Taken together, Monday’s JV and Tuesday’s product dump amount to a strategic rebrand. “The two announcements, taken together, mark Anthropic’s transition from frontier-model lab to financial-services platform,” The Next Web argues. “Both pieces were necessary. The joint venture provides distribution. The product release provides what is being distributed.”
That framing cuts to the heart of the move. Anthropic spent its early years competing on model quality and safety positioning. Now, with Opus 4.7 plus a stable of pre-built agents, data integrations, and a Microsoft 365 tie-in, it is visibly chasing end-to-end ownership of high-value verticals—starting with finance.
The company’s own announcement underscores that this is an “enterprise AI services company,” not just a reseller of API access. In practice, that drags Anthropic deeper into implementation, support, and change management—the kind of work more associated with Accenture and big systems integrators than with pure AI labs.
Anthropic isn’t alone in deciding that the fastest way to scale enterprise AI is to partner with the people who already control corporate budgets.

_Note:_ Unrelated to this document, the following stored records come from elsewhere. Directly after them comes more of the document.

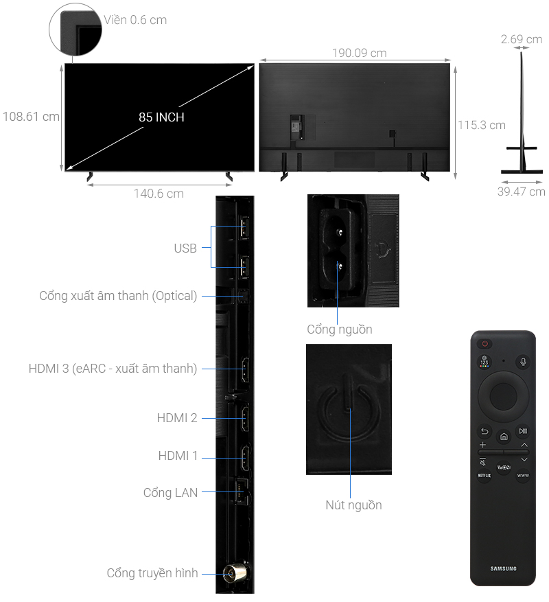 - Với màn hình 85 inch, chiếc tivi này là sự lựa chọn hoàn hảo để trang trí cho những không gian rộng lớn như phòng khách hoặc phòng họp.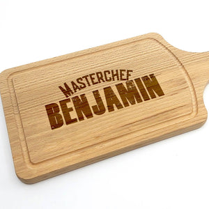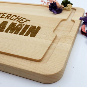 Let op: Hout is een natuurproduct. Hierdoor zal elke gravure iets afwijken van de foto's. Dit komt simpelweg omdat de nerf van het hout bepaald hoe donker de gravure wordt. Dit maakt elke borrelplank wel 100% uniek!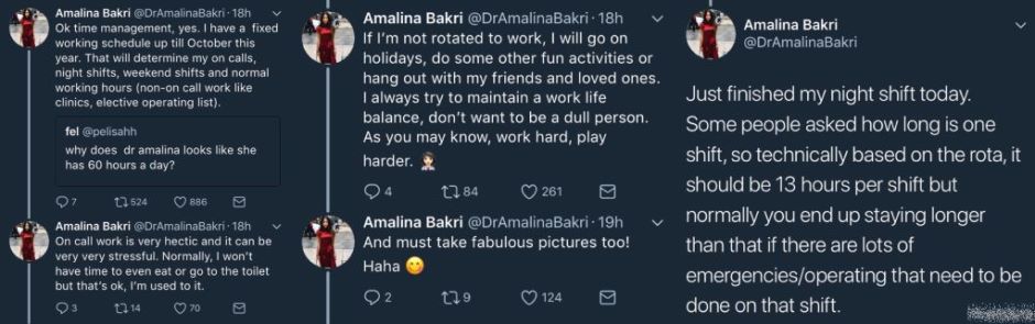Dr malina memberitahu pengikutnya kesibukan sebagai seorang pakar bedah memerlukan dia bekerja selama 13 jam bagi setiap syif dan kadangkala terpaksa berada di hospital lebih lama jika ada pembedahan yang perlu dijalankan.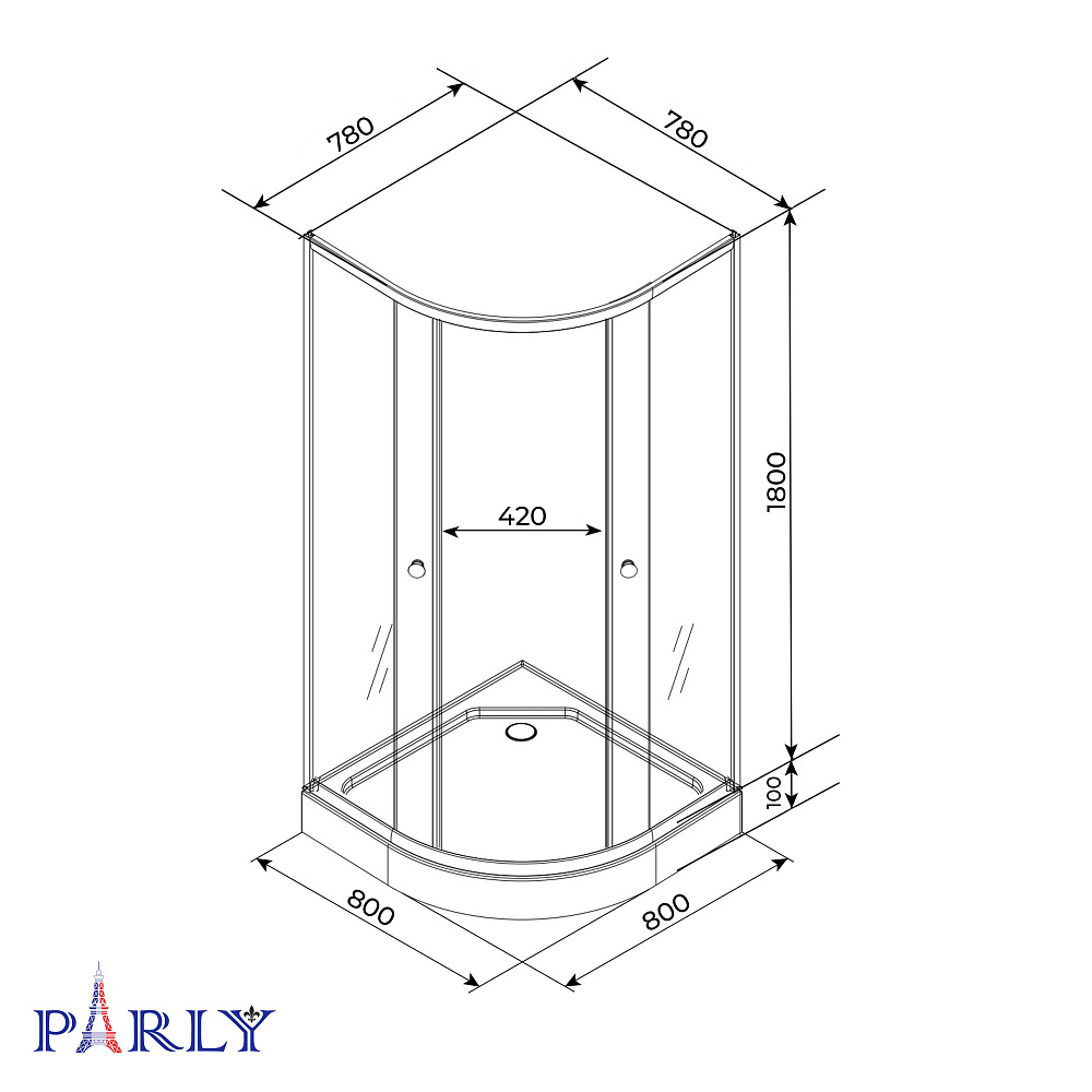 Душевой уголок с поддоном PARLY ZF81BN (80х80х193)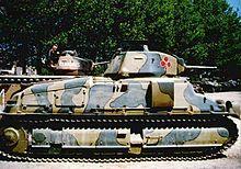 Of these about 288 were in front-line service at the beginning of the Battle of France, with the three armoured divisions of the Cavalry, the Divisions Légères Mécaniques or Mechanised Light Divisions ("light" here meaning "mobile", they were not light in the sense of being lightly equipped[15]). Each of these had an organic strength of eight squadrons with ten S35s; each squadron however had a matériel reserve of two tanks and regimental and brigade commanders in practice had personal tanks too, resulting in a total of 88 vehicles per division. Furthermore, 31 were present in the general matériel reserve, 49 in factory stocks and 26 were being processed for acceptance.[1] These vehicles were later issued to several ad hoc units, such as the 4th DCR (commanded by Charles de Gaulle) which received 39, part of 3e Cuirassiers, the 4th DLM (10), and some Corps-francs Motorisés (about 25). Also the destroyed 1st, 2nd and 3rd DLM were reconstituted with a small number of tanks, the first two divisions received ten S 35s, the third twenty; S 35s further served with the 7e Cuirassiers (25) and a platoon of three was present in the 3e RAM of the 3e DLC.[16] In May 1940 during the Battle of France the DLMs were tasked with the difficult manoeuvre of carrying out a quick advance into the Low Countries, followed by a holding action to allow the infantry divisions following behind to dig themselves in.[17] The 2nd and 3rd DLM were concentrated in the Gembloux gap between Louvain and Namur, where there were no natural obstacles to impede a German advance. They had to spread out somewhat to hold that sector against incursions by the German 3rd and 4th Panzer Divisions. This was necessitated by the local tactical situation and did not reflect some fundamental difference in doctrine between the use of the DLMs and the Panzerdivisionen. Both types of units were very similar in equipment, training and organisation, as the German armoured divisions too were primarily intended for strategic exploitation, while the breakthrough phase was preferably left to the infantry. The resulting tank battle from 13 to 15 May, the Battle of Hannut, was—with about 1700 AFVs participating—the largest until that day and is still one of the largest of all time. The S 35s gave a good account of themselves, proving to be indeed superior to the German tanks in direct combat,[18] but they were rather hesitantly deployed as the French High Command mistakenly supposed the gap was the German Schwerpunkt and tried to preserve their best tanks to block subsequent attacks by the rest of the Panzerwaffe.

TechCrunch notes that “Anthropic and OpenAI are both launching joint ventures for enterprise AI services,” each “partnered with asset managers to more aggressively market their enterprise AI products.” Where Anthropic has Blackstone, Hellman & Friedman, and Goldman Sachs, OpenAI is pursuing its own flavor of Wall Street-aligned distribution.

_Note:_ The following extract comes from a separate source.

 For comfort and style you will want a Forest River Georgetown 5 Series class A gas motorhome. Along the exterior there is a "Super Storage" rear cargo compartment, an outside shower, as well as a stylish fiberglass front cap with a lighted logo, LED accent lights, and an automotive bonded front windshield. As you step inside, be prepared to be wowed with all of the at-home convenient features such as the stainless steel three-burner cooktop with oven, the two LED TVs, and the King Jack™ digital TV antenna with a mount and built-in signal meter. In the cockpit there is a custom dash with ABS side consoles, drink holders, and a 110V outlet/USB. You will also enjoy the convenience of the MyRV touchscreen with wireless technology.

The throughline: AI labs have realized that to capture the real money, they can’t just toss models over the wall. They need boots-on-the-ground services, the rolodexes of financial sponsors, and bespoke playbooks for each industry. The Anthropic JV is one of the clearest, and richest, expressions of that logic so far.
From Wall Street’s point of view, this is an options bet on productivity and margin expansion. If Claude-powered agents can shave hours off credit memos, accelerate underwriting, and grind through KYC and statement audits, private equity owners and bank executives get leaner operations and faster deal cycles.

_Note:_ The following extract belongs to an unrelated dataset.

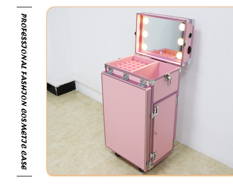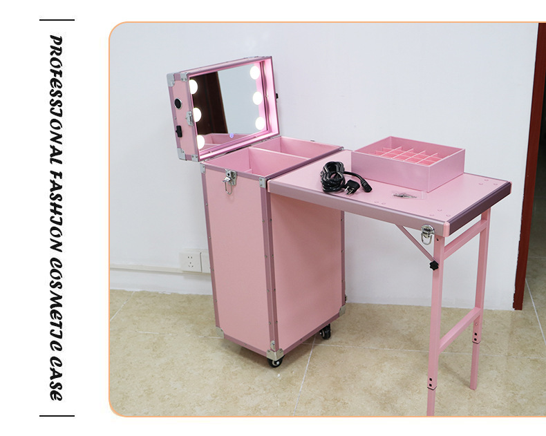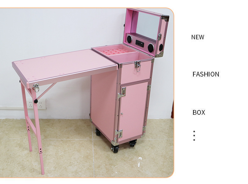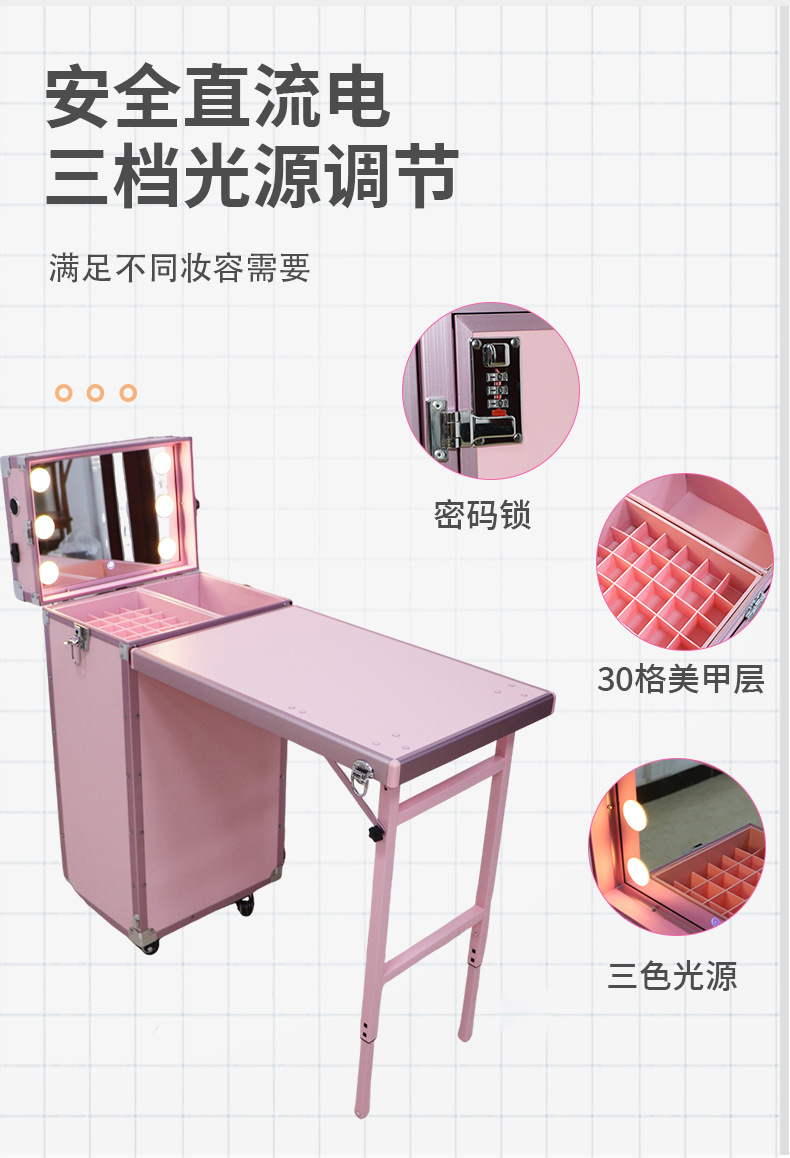 gran capacidad multicapa plegable móvil al aire libre cabina de manicuras mesa bordado caja de herramientas con lámpara batería portátil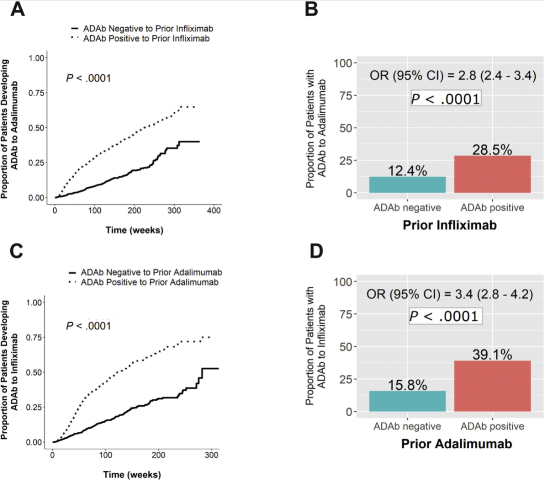 - As noted in figure below, prior antidrug antibodies ADAb) to anti-TNF agent was associated with development of ADAb with 2nd anti-TNF agent. This risk was >2-fold higher when switching from IFX to ADM (B in Figure) and even more when switching from ADM to IFX (D in Figure)

For mid-sized companies—the explicit target of the JV—the upside is access to tools and engineering support that usually flow first to mega-caps. In theory, they get Anthropic’s applied AI engineers embedding directly with their teams to modernize workflows that have barely moved since the spreadsheet era.
But there’s a flip side. Packing so much capability, data, and implementation muscle into a single, Wall Street-led services vehicle raises the stakes on concentration and lock-in. Once your underwriting, KYC, and close processes are all implemented as Claude-centric reference architectures, swapping vendors becomes a political, technical, and regulatory nightmare.
It also hardens a particular vision of AI deployment: not open experimentation, but highly managed, deeply integrated services guided by the same financial institutions that already dominate capital allocation.
In just 48 hours, Anthropic moved from announcing a massive capital-backed distribution engine to rolling out the precise products that engine will push into some of the most regulated, lucrative workflows in modern finance.
The sequencing was no accident. First, secure the money and the muscle. Then, show that you’re not just a model vendor—you’re the operating system for how financial work gets done.
Whether this becomes a template for the rest of the economy—or a warning about how quickly AI, data, and financial power can fuse into gatekeeping infrastructure—will depend on what happens next as those mid-sized companies start signing on.